=== Dataset records ===

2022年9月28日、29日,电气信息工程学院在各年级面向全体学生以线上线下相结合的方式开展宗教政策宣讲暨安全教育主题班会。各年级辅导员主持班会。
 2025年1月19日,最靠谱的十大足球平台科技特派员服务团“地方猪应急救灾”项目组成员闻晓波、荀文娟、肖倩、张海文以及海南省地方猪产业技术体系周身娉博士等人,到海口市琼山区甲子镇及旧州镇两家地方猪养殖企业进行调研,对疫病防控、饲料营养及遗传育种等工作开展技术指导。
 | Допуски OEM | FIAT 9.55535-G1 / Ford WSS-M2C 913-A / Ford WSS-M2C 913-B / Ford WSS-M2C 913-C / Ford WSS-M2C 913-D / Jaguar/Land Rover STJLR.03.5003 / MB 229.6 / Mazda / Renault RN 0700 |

===
=== Dataset records ===

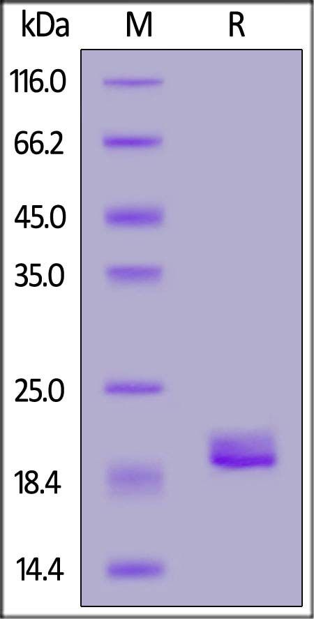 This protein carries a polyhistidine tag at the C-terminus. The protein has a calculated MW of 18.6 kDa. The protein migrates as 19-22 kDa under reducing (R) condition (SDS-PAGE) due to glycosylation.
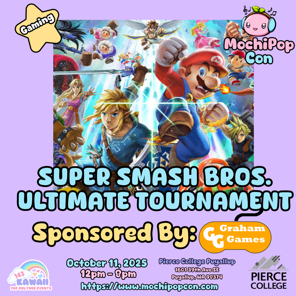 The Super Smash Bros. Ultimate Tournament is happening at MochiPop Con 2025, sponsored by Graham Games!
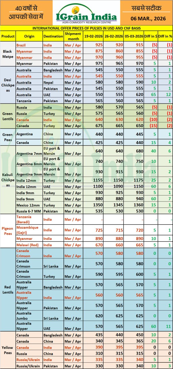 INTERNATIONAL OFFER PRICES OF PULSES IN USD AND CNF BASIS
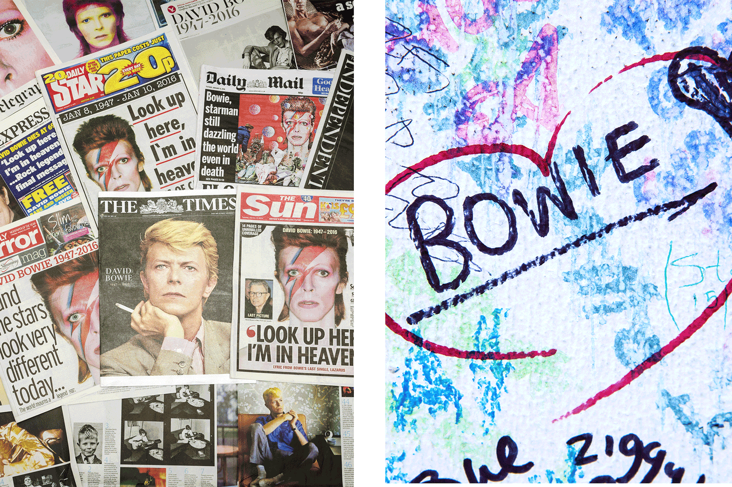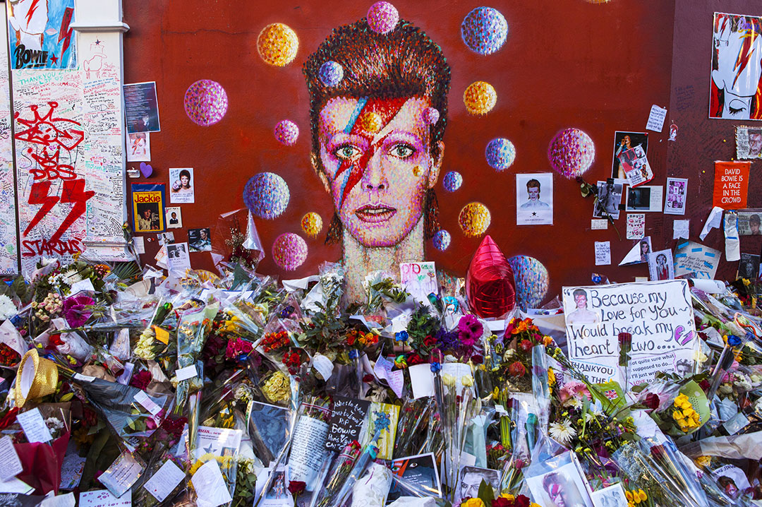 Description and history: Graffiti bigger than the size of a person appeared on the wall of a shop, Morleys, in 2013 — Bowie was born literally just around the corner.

===

### [Your goal]
Write out exactly the lines that fall from the line with "2022年9月28日、29日" to the line with "2025年1月19日,最靠谱" in the records above, keeping both ends.

### [Output for this exercise]
2022年9月28日、29日,电气信息工程学院在各年级面向全体学生以线上线下相结合的方式开展宗教政策宣讲暨安全教育主题班会。各年级辅导员主持班会。
 2025年1月19日,最靠谱的十大足球平台科技特派员服务团“地方猪应急救灾”项目组成员闻晓波、荀文娟、肖倩、张海文以及海南省地方猪产业技术体系周身娉博士等人,到海口市琼山区甲子镇及旧州镇两家地方猪养殖企业进行调研,对疫病防控、饲料营养及遗传育种等工作开展技术指导。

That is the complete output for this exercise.